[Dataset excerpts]
# # #

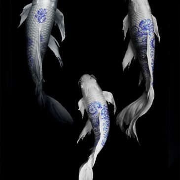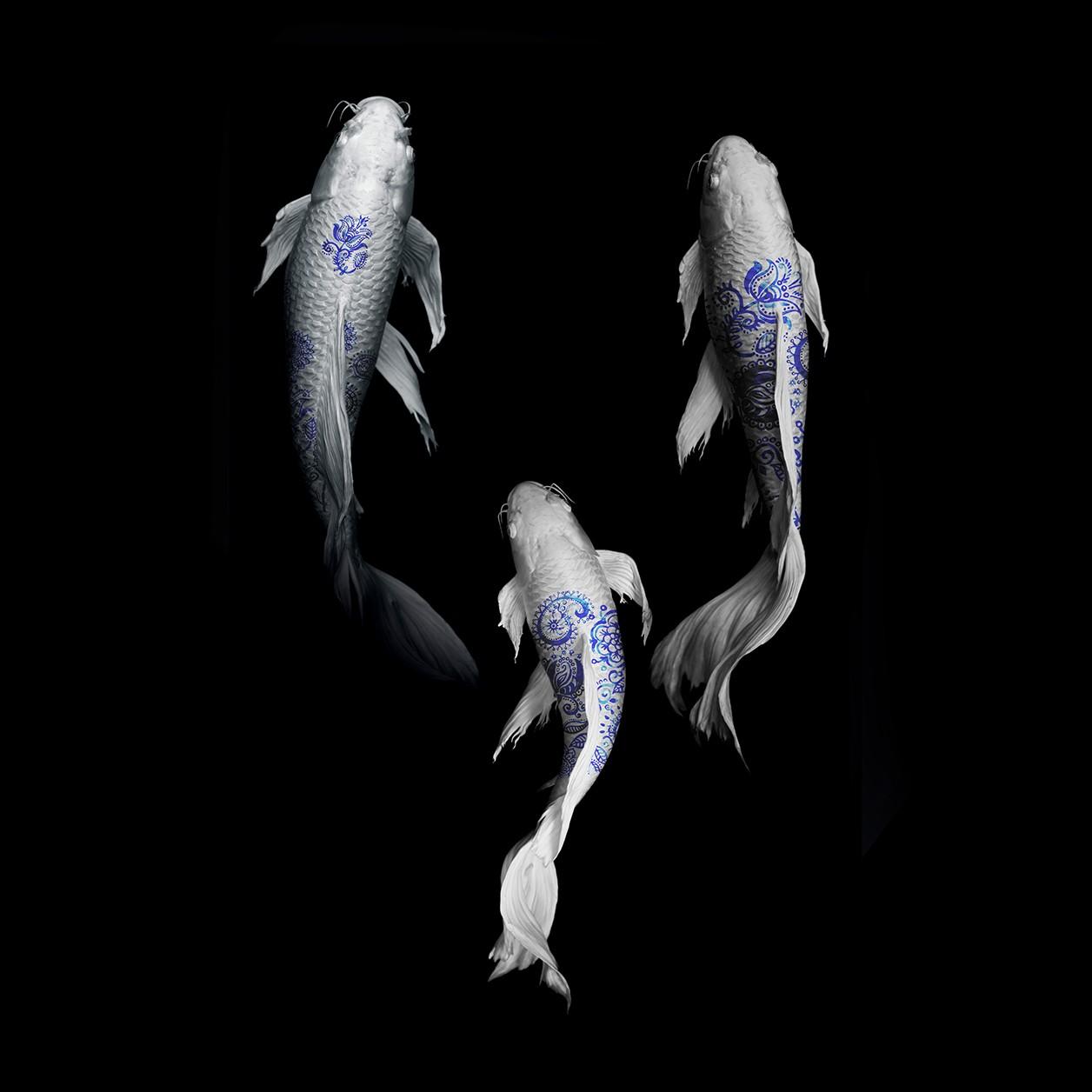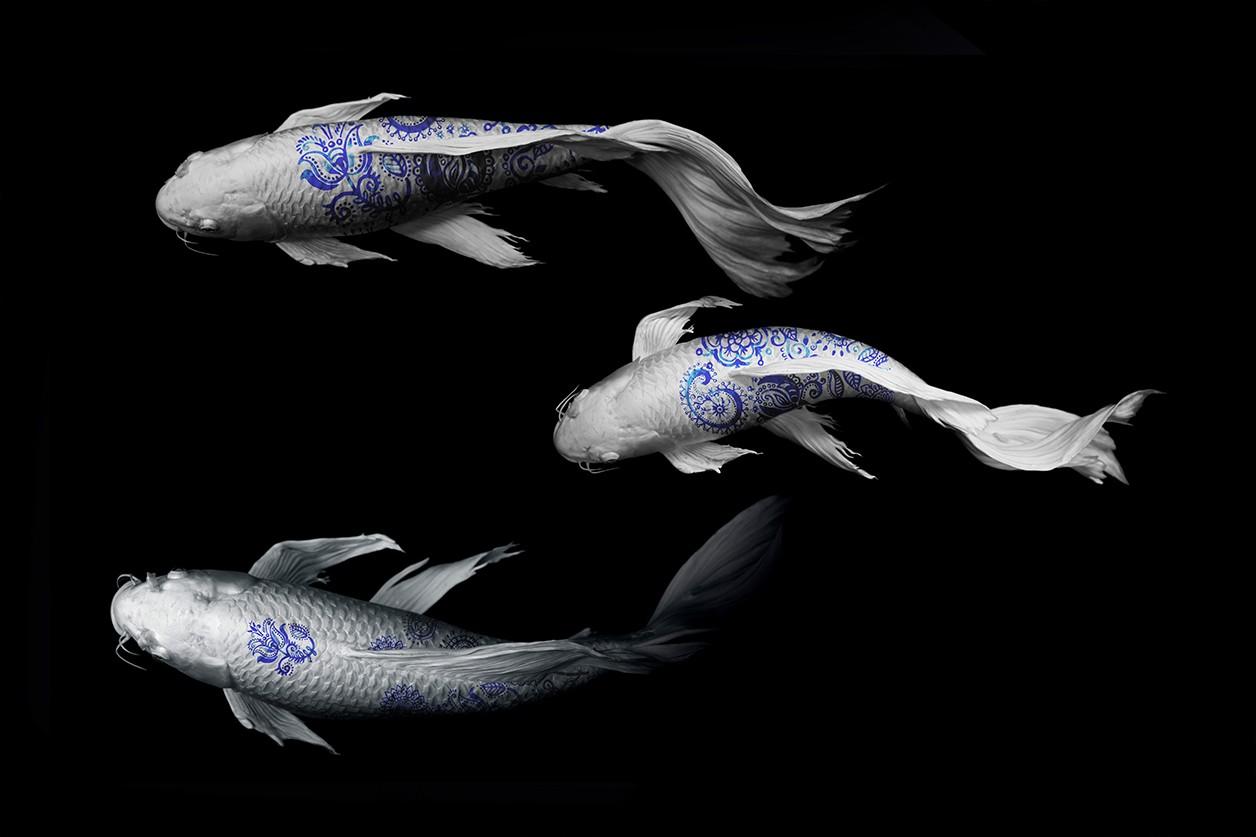 Deze wall art van witte vissen heeft een unieke touch met hun blauwe bloem-tekeningen op hun rug, die doen denken aan Delfts Blauwe motieven. Een interessante en creatieve dierenfoto, verkrijgbaar als schilderij op plexiglas, Dibond en akoestisch doek. Bekijk naast deze vissenfotografie ook andere vis artworks op onze website:
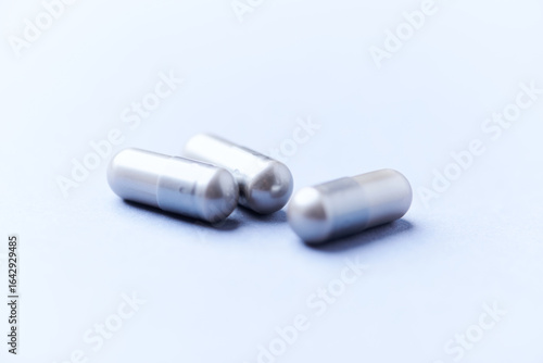 Amino acids capsules on bright background. Soft focus. Close up. Copy space.
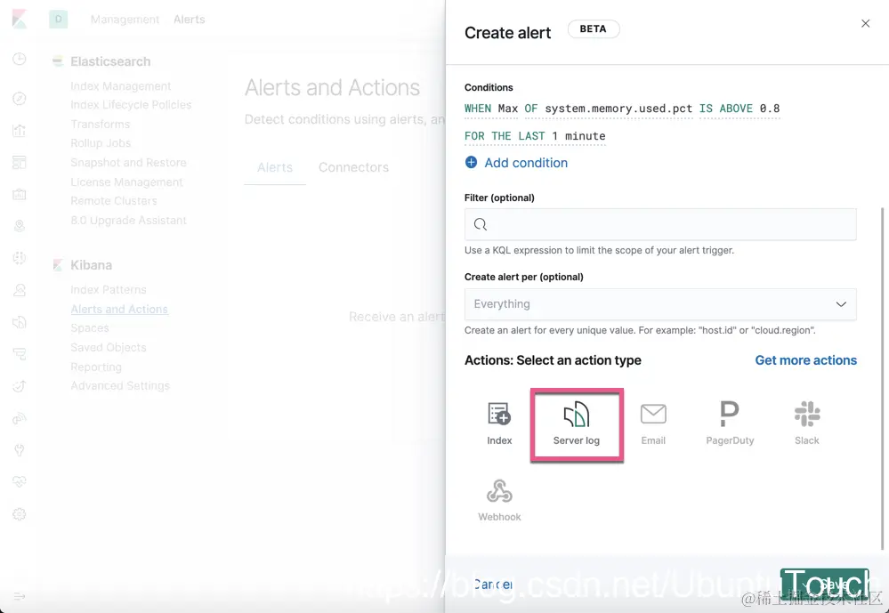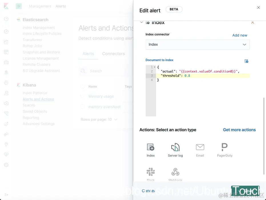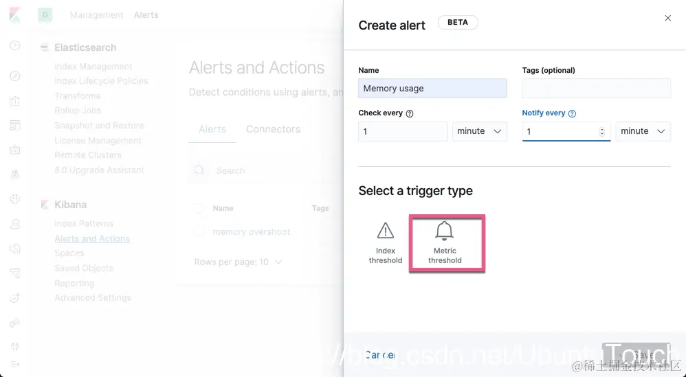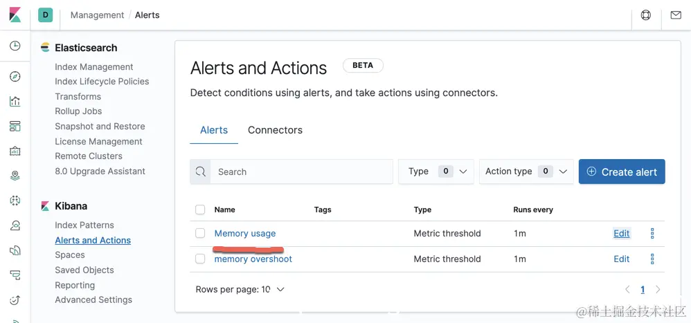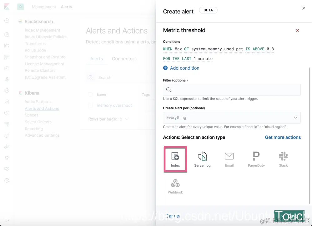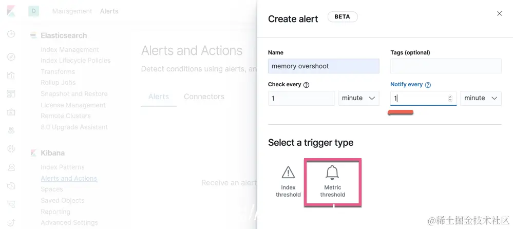 我们接着创建一个 Index 类型的警报。这次,我们不是在 Metricbeat 应用中创建的,我们可以在 Management 中开始。
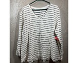 NWT St John's Bay Stripes Blouse 3/4 Sleeves V Neck French Terry Size XL
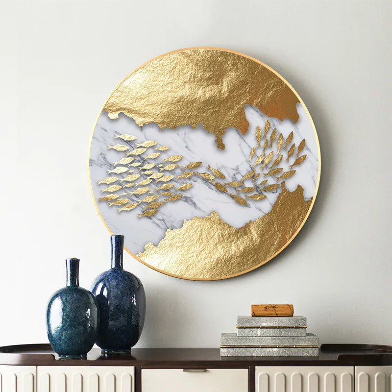 Абстрактный Золотой Картина на холсте с изображением рыб с нордичес...

# # #

Activity: Although the records contain pictures, restate them word for word with those pictures left out.

Answer below:
 Deze wall art van witte vissen heeft een unieke touch met hun blauwe bloem-tekeningen op hun rug, die doen denken aan Delfts Blauwe motieven. Een interessante en creatieve dierenfoto, verkrijgbaar als schilderij op plexiglas, Dibond en akoestisch doek. Bekijk naast deze vissenfotografie ook andere vis artworks op onze website:
 Amino acids capsules on bright background. Soft focus. Close up. Copy space.
 我们接着创建一个 Index 类型的警报。这次,我们不是在 Metricbeat 应用中创建的,我们可以在 Management 中开始。
 NWT St John's Bay Stripes Blouse 3/4 Sleeves V Neck French Terry Size XL
 Абстрактный Золотой Картина на холсте с изображением рыб с нордичес...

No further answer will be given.